One of the ways of increasing the chances of finding the instructions in a cache is to store the blocks of instructions in a special instruction cache such as Code Pattern Cache (CPC).
CPC generally exhibits shorter access time than the common instruction cache.
The miss rate of any cache (including CPC) can be reduced by increasing its size and/or by dedicating cache areas for different threads running on a processor.
However, increasing the size of a cache (including CPC) results in higher energy consumption and increased die area. Thus, there is need for a cache architecture that results in lower energy consumption and smaller die area while maintaining lower miss rates.

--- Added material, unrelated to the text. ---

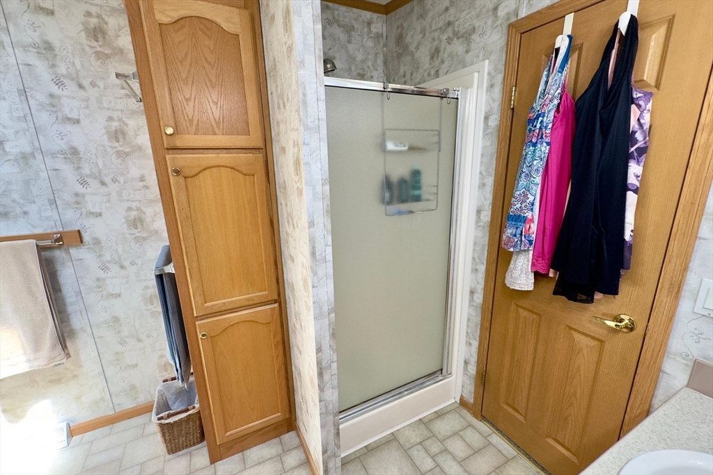 Welcome to Windbrook Acres Co-Op! This impeccably maintained 2003 Titan double-wide offers 1,568 sq. ft. with 3 bedrooms and 2 full baths. Enjoy a spacious open-concept living room with a propane fireplace leading to a large kitchen featuring abundant cabinetry, generous counter space, and an adjoining dining area for six. A laundry room with pantry storage sits off the kitchen. One wing includes two bedrooms with walk-in closets and an updated full bath with a white walk-in shower. The opposite side offers a private primary suite with a walk-in closet and luxurious bath with double-sink vanity, walk-in shower, and jacuzzi tub. A versatile bonus room with plumbing for a sink makes a great hobby or craft space. Outside enjoy a 26’x10’ covered deck, 16’x10’ powered shed, two-car driveway, central A/C, propane heat, and new roof (2023). Lot fee $250/month includes water, sewer, trash, snow, and taxes; $19,000 co-op buy-in included in price!

BRIEF SUMMARY OF THE INVENTION
A low energy processor, comprising: execution unit to execute instructions, instruction cache to store instructions, cache storingcommonly used instructions, cache storing blocks of instructions from threads, references to blocks in the cache storing commonly used instructions, multiplexer to select instruction from either from the instruction cache or from the cache storing blocks of instructions belonging to threads.
BRIEF DESCRIPTION OF THE DRAWINGS
The accompanying drawings together with the description, serve to explain the principles of the invention.
FIG. 1 illustrates an exemplary processor with low energy CPC (LE-CPC) according to the present invention.
FIG. 2 illustrates an exemplary executable for selecting threads which are more likely to benefit from the CPC and sending the selected thread information to the processor according to the present invention.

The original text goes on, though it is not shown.